On the next screen, we will see the captured handshake file, which we will use in the subsequent stage of the attack. The duration of the handshake capture process was 40 seconds, as we had specified earlier. Figure 20 displays a congratulatory banner indicating that the handshake has been successfully captured. We will then be prompted to select a path to save the file, and we will choose to save it manually on /home/aden/Desktop. We will use the captured handshake file in conjunction with the password harvested from the victim at a later stage of the attack.

Figure 23.The folder and file path to save HANDSHAKE and PASSWORD for my Wi-Fi 

Once the file path and save location have been set up, hitting the Enter button will initiate multiple parallel de-authentication windows. The attacker must exercise patience as the process involves disconnecting any device connected to the targeted wireless network and creating duplicate network names with similar titles. By creating network names that are identical or like the original, the attacker minimizes the risk of arousing suspicion and maximizes the chances of capturing the victim's password, as shown in Figure 233.

Figure 24. Deauthentication of several parallel windows.

Step 9: I have captured a screen capture from my phone as shown in Figure 24 by combining three images.

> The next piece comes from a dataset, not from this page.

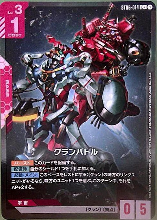 【バースト】このカードを配備する。【配備時】自分のシールド1つを手札に加える。【起動・メイン】このベースをレストにする:〔クラン〕の味方のリンクユニットがいるなら、味方のユニット1つを選ぶ。このターン中、それをAP+2する。

 The first image shows the attacker disconnecting me from my network and creating a rogue network with the same name. The second image, marked with the number 2, displays the AP screen that appeared when I tried to connect to my network. I entered my password for demonstration purposes in clear text, and upon hitting the submit button, the Kali Linux airgeddon terminal captured my wireless network password. This development spells the game over for me, as the hacker now has access to my network and all connected IoT devices with ease.

When I went to join my network, I received this green banner asking me to input my password and giving me the same Wi-Fi name, but I was unaware it was a phoney network as Figure 25 shows.

Figure 25. the rouge wireless name created by the attacker to capture the password.

Finally, it stores the captured password in the previously selected folder. When we open that file, Figure 26 is what appears on my attacking system (Kali Linux), which shows my network password in clear language.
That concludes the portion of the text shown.